→ What you are asked to do
Copy the data exactly. Images are to be left out.

→ Dataset extract
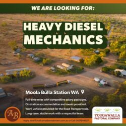 Please feel free to share. A great opportunity to experience life on a cattle station . WE ARE LOOKING FOR: HEAVY DIESEL MECHANICS Full-time roles with competitive salary packages. On-station accommodation and meals provided. Work vehicle provided for the Road Transport role. Long-term, stable work with a respectful team. Moola Bulla Station WA Apply now! […]
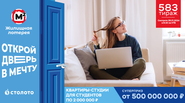 Каждый праздник — это новый повод порадовать вас особенными призами. В честь Дня студента разыгрываем студии по 2 000 000 ₽ и суперприз 500 000 000 ₽. Покупайте билеты и настраивайтесь на победу! Билеты на этот тираж в продаже с 16:15 мск 21 января до 16:15 мск 27 января. Трансляцию смотрите 28 января в 8:20 в программе «У нас выигрывают!» на НТВ.
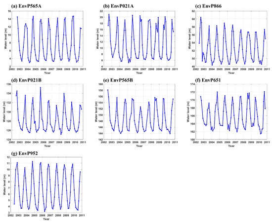 Envisat-derived water levels at seven virtual stations from 2002 to 2010.
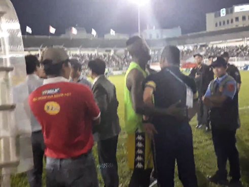 HLV Chu Đình Nghiêm bị một CĐV lạ mặt tiếp cận trong đường hầm sân Pleiku sau khi bị trọng tài chính Ngô Duy Lân...

→ Reply to the task
 Please feel free to share. A great opportunity to experience life on a cattle station . WE ARE LOOKING FOR: HEAVY DIESEL MECHANICS Full-time roles with competitive salary packages. On-station accommodation and meals provided. Work vehicle provided for the Road Transport role. Long-term, stable work with a respectful team. Moola Bulla Station WA Apply now! […]
 Каждый праздник — это новый повод порадовать вас особенными призами. В честь Дня студента разыгрываем студии по 2 000 000 ₽ и суперприз 500 000 000 ₽. Покупайте билеты и настраивайтесь на победу! Билеты на этот тираж в продаже с 16:15 мск 21 января до 16:15 мск 27 января. Трансляцию смотрите 28 января в 8:20 в программе «У нас выигрывают!» на НТВ.
 Envisat-derived water levels at seven virtual stations from 2002 to 2010.
 HLV Chu Đình Nghiêm bị một CĐV lạ mặt tiếp cận trong đường hầm sân Pleiku sau khi bị trọng tài chính Ngô Duy Lân...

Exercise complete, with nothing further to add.